Doc puts focus on pop health

Thomas Jefferson University's David Nash, MD, speaks at Allscripts' client conference
By Neil Versel
11:03 AM

As thousands of physician practice managers, hospital CIOs and technology vendors gathered here to discuss meaningful use, interoperability and ICD-10 at the annual Allscripts Client Experience users' meeting, a featured speaker encouraged them to keep their eye on the real prize: population health management.

Population health is "so central to where the world is going to go," said David Nash, MD, founding dean of Thomas Jefferson University's School of Population Health in Philadelphia, the only such school in the nation. "It's the outcome we care about," Nash said, speaking on behalf of his programs.

[See also: Premier steps up on population health.]

Unfortunately, in a fee-for-service world, clinicians are forced to care more about the volume of patients they see and procedures they can perform than they do about outcomes and the health of populations.
Patient attitudes also are skewed: "I'm going to take my Lipitor my way to McDonald's, and you're going to pay for the Lipitor," Nash said of the current mindset.

The movement toward value-based payment is a "complete cultural change," he said. "This is bringing a whole new science of population health."
And that is where the IT world comes in. "We're going to need tools, all kinds of new tools," Nash said. "We need comparative data," he continued. "We're going to need the analytics behind it."

Nash, a practicing internist, is most interested in patient registries. "The registry is what gives me closure of the feedback loop," he said.

He wants feedback on whether patients take care of themselves in their daily lives, since most health practices take place outside of hospitals and clinics. Actual care delivery, Nash said, "That's only 15 percent of the story." Yet, 88 percent of health-related spending in the U.S. goes to medical services, with just 4 percent to healthy behaviors, according to a 2013 report on obesity from the Trust for America's Health and the Robert Wood Johnson Foundation, Nash noted.
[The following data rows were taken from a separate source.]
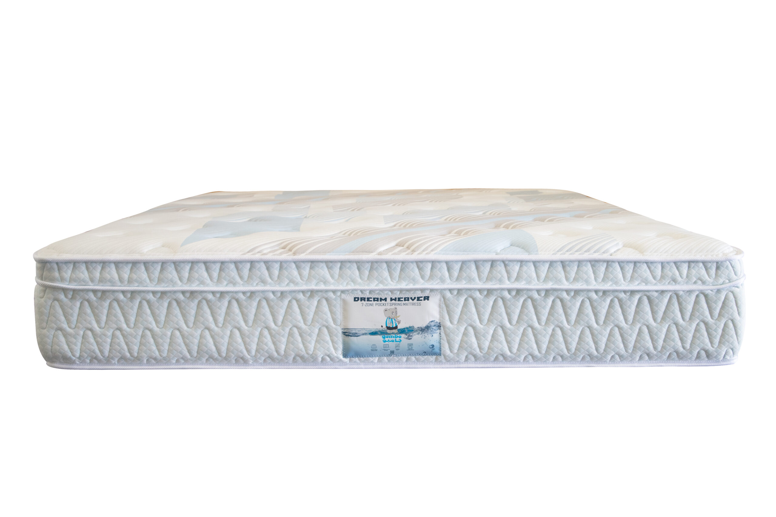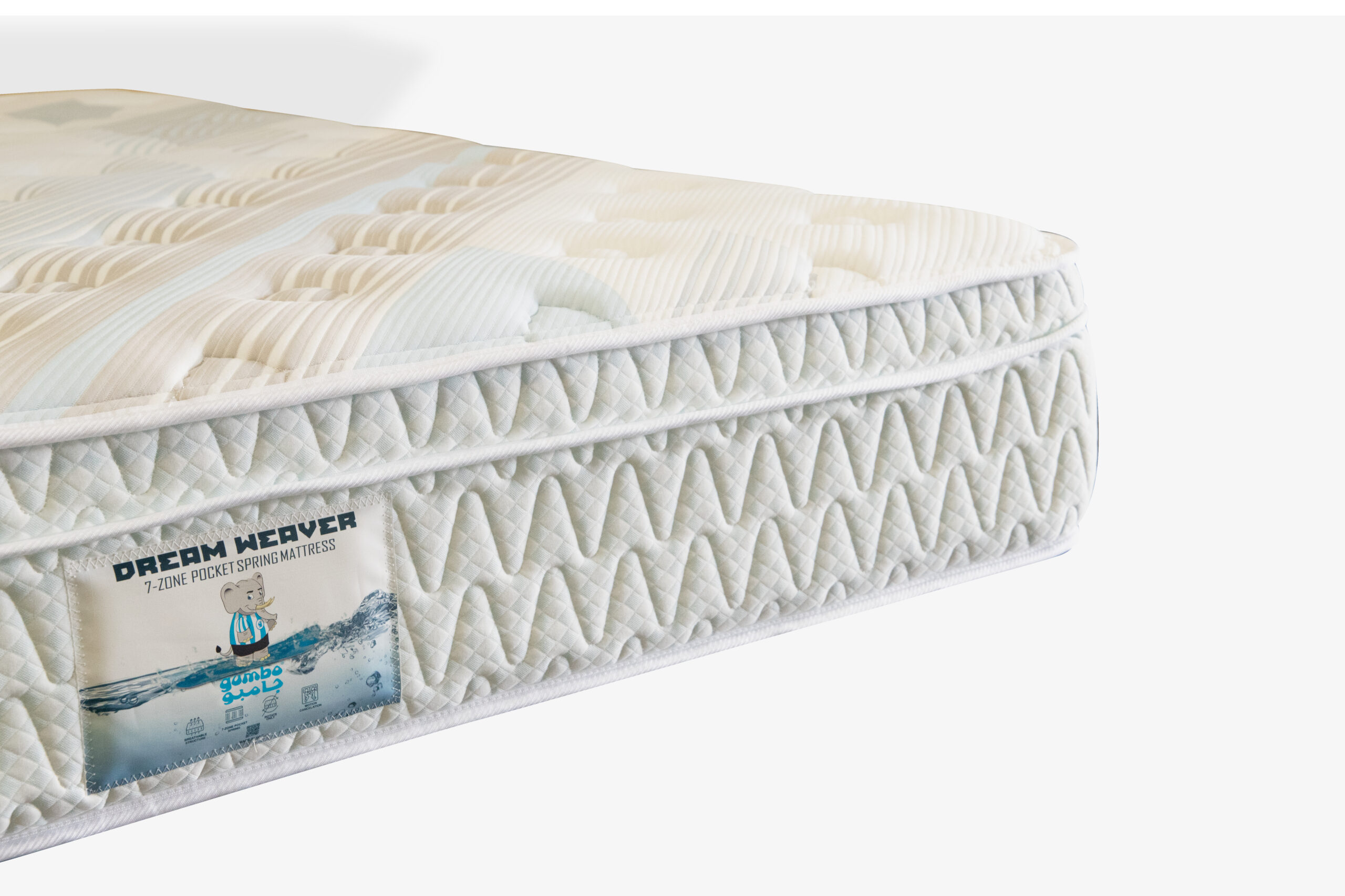 The mattress is built with an independent Pocket Spring system featuring Seven Zones technology, where the springs are divided into seven different support areas (head, shoulders, back, hips, thighs, legs, and feet).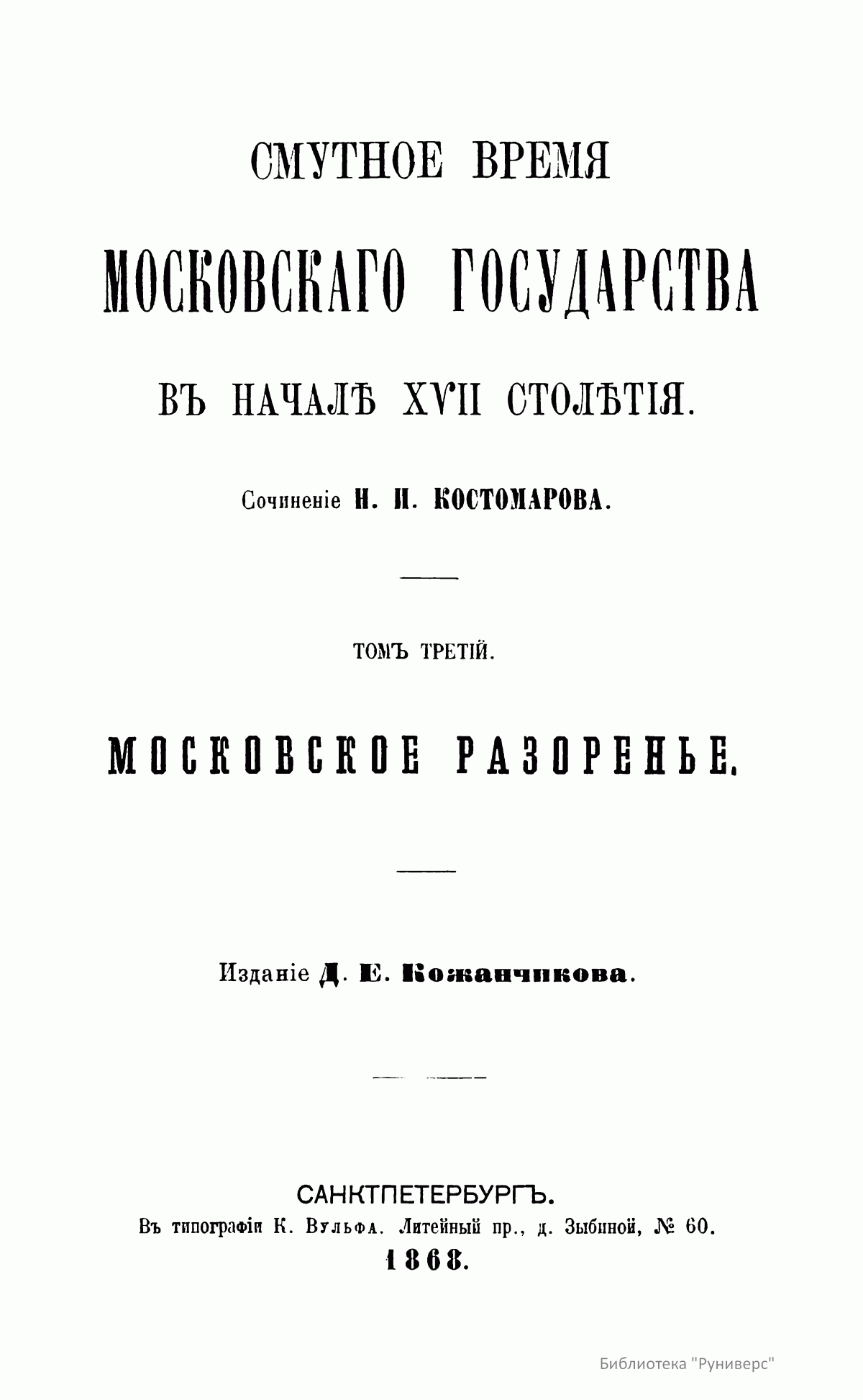 Историческiя монографiи и изслѣдованiя Николая Костомарова. Томъ шестой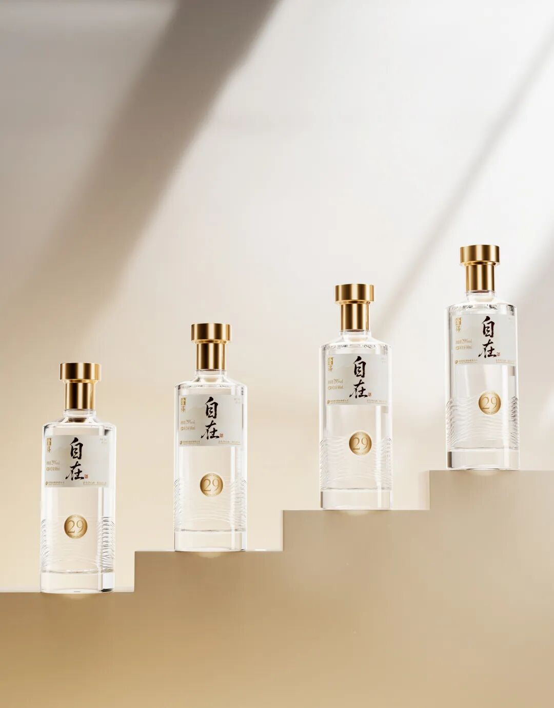 其四,高颜值设计。瓶身设计摒弃繁复,“舍得自在”采取通透瓶体颜值依旧能打,新中式东方韵味与极简现代风格兼具,给人“低度轻盈”感官认知;醒目的29度金色标识传达“低酒度无压力”产品特性,降低消费者对饮用白酒的心理门槛。

[See also: Data is key to population health management.]

"It's not about what goes on in the hospital. Health is wrapped up into everything that we're all about," Nash said. "Outside of the box of the hospital, that's really where the action is."

To change the culture and cross the quality chasm -- a phrase coined by the Institute of Medicine in 2001 -- clinicians need to: practice based on evidence; reduce "unexplained clinical variation"; end their "slavish adherence to professional autonomy;" continuously measure and close the feedback loop; and, engage patients across the entire care continuum, Nash said.
 
"What do we need? Total public transparency," he said. And an attitude shift on the issue of professional autonomy that often drives physicians to ignore data from outside sources and disregard safety alerts from EHRs. "Get over yourself, doctor," Nash said in an interview with Healthcare IT News.

In his vision for the future, he would like to come into the office and see exactly how he is doing in key clinical areas such as preventive care, counseling on smoking cessation and flu vaccinations. Without a registry, he has no way of knowing.

The core of medical education has always been one patient and one problem at a time, but that is not how care should work, Nash said. "It's not about the seven magic minutes they're going to have with me maybe two times a year."